В обыденной же обстановке воровству покорны люди неразвитые, с ущербленной наследственностью, алкоголики, наркоманы, а также с дефектами воспитания. И все же клептомания живет в человеке в той или иной мере, как у общественного существа, и порождается она непомерным стремлением к обогащению, собственничеству. Обычно жадные бывают и вороватыми. У меня несколько лет работал лаборант, получивший высшее образование, сын состоятельных родителей. Он страдал настоящей клептоманией, тащил все что только мог. Измученный этим воровством, я был вынужден предложить ему уволиться с работы. Тогда дирекция Института зоологии, где я работал, решив, что увольнение этого человека результат повышенной моей требовательности, устроила его в другую лабораторию. Через месяц он попался на краже микроскопа и был уволен.

К инстинкту жадности и собственности примыкает инстинкт зависти. Здесь интересно подметить такую закономерность. Тот, духовная жизнь которого богата, насыщена творчеством, лишен зависти: она завладевает людьми нравственно обедненными. Зависть — индикатор жизненной слабости человека, пытающегося утвердиться любыми средствами в обществе. Тот, кто любит свой труд, работает не покладая рук, счастлив и живет в душевном, а иногда и в материальном довольствии. О таких завистники говорят, что их дарит судьба, счастье, везенье, связи, знакомства, попечительства, то есть все, что хотите, только не труд и призвание.

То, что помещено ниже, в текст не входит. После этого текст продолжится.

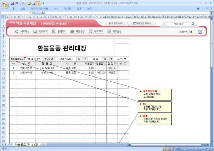 9,000원/월엑셀자동계산 환불 물품 관리대장 입니다. 최종작성일자, 부서명, 직위, 성명, 날짜, 물품명, 사유, 착불금액, 환불금액, 담당자, 비고의 항목으로 구성되어 있습니다. 찰불, 환불 금액의 총 합계 금액이 자동계산되며, 별도 파일로 저장 가능한 파일생성, 손쉽게 다시 작성이 가능한 새로작성 기능 , 결재란 자동조절 기능이 포함되어 있습니다.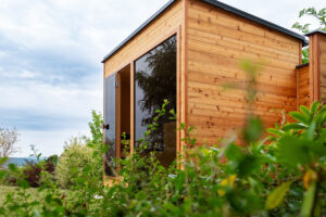 Chtěla minimalistický styl s přírodními materiály a proto si vybrala venkovní saunu Native.

Не кажется ли, что завистливые люди посредственны и в какой-то мере ничтожны. Зависть, как главный стимул деятельности, отвратительна и опасна для общества. Другое дело — честное соревнование.

Распространенный недуг — пристрастия, проистекающие из инстинктов. Они неисчерпаемый источник нереальных иллюзий и заблуждений. Далеко не каждый избавлен от них, особенно когда разум поникает перед ними. Еще человек всегда хочет быть правым и обратить в свою веру окружающих.

Загрузка...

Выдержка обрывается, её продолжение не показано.